British steel company

Caparo plc is a British company involved mainly in the steel industry, primarily in the design, manufacturing and marketing of steel and niche engineering products.

==History==
Caparo was founded by Lord Swraj Paul in 1968.

A court case involving Caparo, Caparo Industries plc v Dickman, dated to 1990, has become the standard in cases where it is necessary to establish negligence.

The group was headed by Angad Paul, the son of Lord Paul, from 1996, until his death on 8 November 2015. In 2006, Paul acquired the supercar manufacturer Freestream Cars Limited, later renamed Caparo Vehicle Technologies, and released the supercar Caparo T1.

According to a text published 1995, the Caparo group specialized in take-overs.

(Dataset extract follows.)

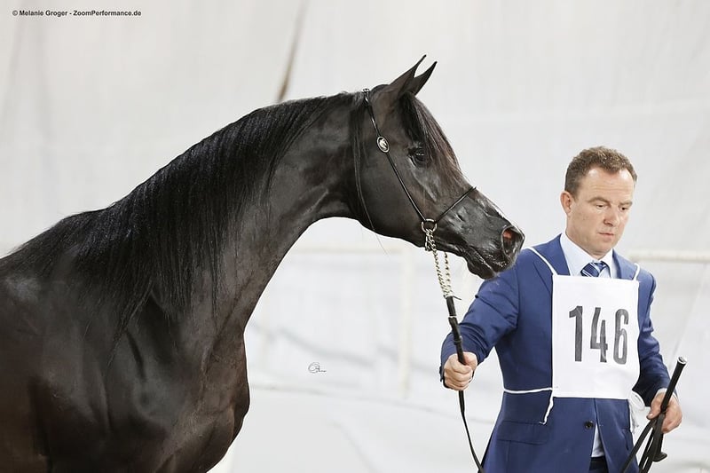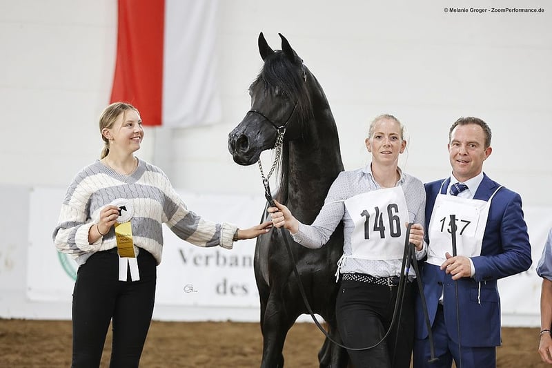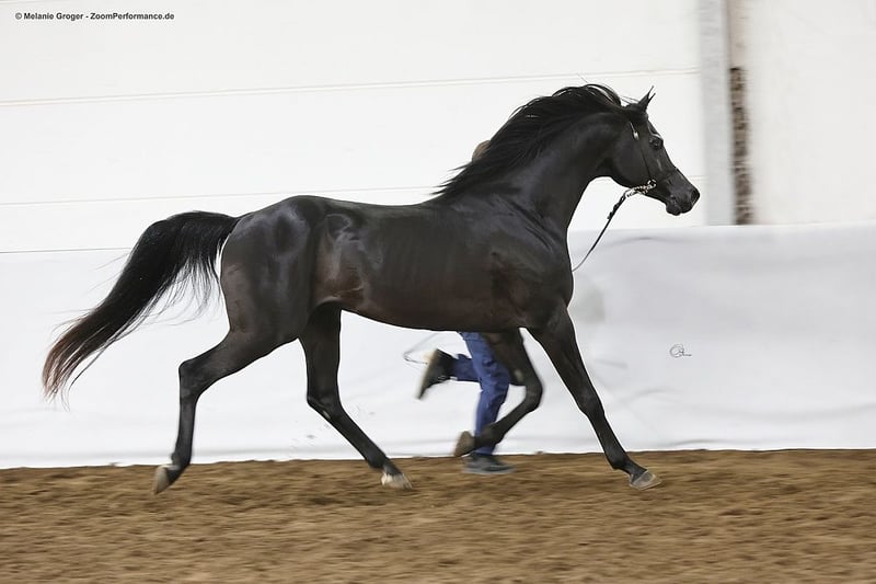 "Pueblo" è un bellissimo e elegante stallone nero con una struttura corretta e andature eccellenti. Pueblo è stato importato da noi come stallone di 3 anni da Janow Podlaski ed è stato utilizzato per la monta (è stato registrato con il nastro d'oro). Lo scorso anno abbiamo deciso di offrirgli una vita probabilmente migliore come castrone e cavallo da sella. Ora viene nuovamente lavorato regolarmente sotto sella e si presenta bene e in modo ordinato sia a mano che sotto sella. Si muove nelle tre andature di base sia in pista che nel terreno. Attualmente è in paddock con un castrone e la convivenza sta andando molto bene. Naturalmente, Pueblo ha i documenti e il passaporto equino ed è regolarmente sverminato e vaccinato.

At the time of publishing, the company had fixed assets and investments (having been quoted), of £26 million.

=== Administration ===
Sixteen companies within the group were put into administration in October 2015, leaving three to continue trading as normal.

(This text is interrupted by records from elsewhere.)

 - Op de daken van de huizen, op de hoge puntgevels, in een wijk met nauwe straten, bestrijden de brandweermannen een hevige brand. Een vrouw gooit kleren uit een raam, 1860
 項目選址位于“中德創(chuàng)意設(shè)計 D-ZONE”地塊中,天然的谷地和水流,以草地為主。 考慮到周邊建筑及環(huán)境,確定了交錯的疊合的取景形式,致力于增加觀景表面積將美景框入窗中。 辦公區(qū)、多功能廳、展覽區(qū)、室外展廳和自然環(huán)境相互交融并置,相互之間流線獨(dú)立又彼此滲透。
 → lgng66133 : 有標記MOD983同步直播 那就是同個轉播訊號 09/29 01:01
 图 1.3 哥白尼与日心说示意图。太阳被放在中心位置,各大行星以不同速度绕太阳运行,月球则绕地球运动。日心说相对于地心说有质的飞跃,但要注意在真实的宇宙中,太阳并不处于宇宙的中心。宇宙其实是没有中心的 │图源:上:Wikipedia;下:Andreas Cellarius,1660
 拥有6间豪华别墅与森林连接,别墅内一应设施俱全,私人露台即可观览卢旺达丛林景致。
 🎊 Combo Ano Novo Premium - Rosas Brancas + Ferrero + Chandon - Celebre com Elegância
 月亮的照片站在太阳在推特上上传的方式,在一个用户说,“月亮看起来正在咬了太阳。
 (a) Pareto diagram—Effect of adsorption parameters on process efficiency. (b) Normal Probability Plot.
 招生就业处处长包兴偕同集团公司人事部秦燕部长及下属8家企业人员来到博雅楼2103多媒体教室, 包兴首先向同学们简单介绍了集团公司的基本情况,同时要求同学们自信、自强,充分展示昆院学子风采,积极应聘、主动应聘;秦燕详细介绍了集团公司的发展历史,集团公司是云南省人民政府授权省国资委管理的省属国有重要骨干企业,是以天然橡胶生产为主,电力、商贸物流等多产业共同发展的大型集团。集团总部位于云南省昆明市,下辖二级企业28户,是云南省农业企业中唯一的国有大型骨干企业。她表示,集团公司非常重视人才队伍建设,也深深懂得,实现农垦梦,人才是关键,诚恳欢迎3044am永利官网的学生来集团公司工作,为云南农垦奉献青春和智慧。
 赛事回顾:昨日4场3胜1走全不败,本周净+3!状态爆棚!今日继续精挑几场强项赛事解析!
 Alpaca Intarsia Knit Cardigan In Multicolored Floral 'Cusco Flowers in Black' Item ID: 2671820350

One month later, following Angad Pauls death, Sanjeev Gupta, head of Liberty House Group, announced that his family had bought a part of the business from the administrators. Liberty House bought Caparo Merchant Bar – one of the three solvent parts of the business that had continued trading – from the administrators in 2017. While CMB had remained solvent, its ability to develop had been restricted by its ties to a pension scheme of its former parent group. Numerous other deals by the administrators saw many companies within the group sold, with consequent savings in jobs.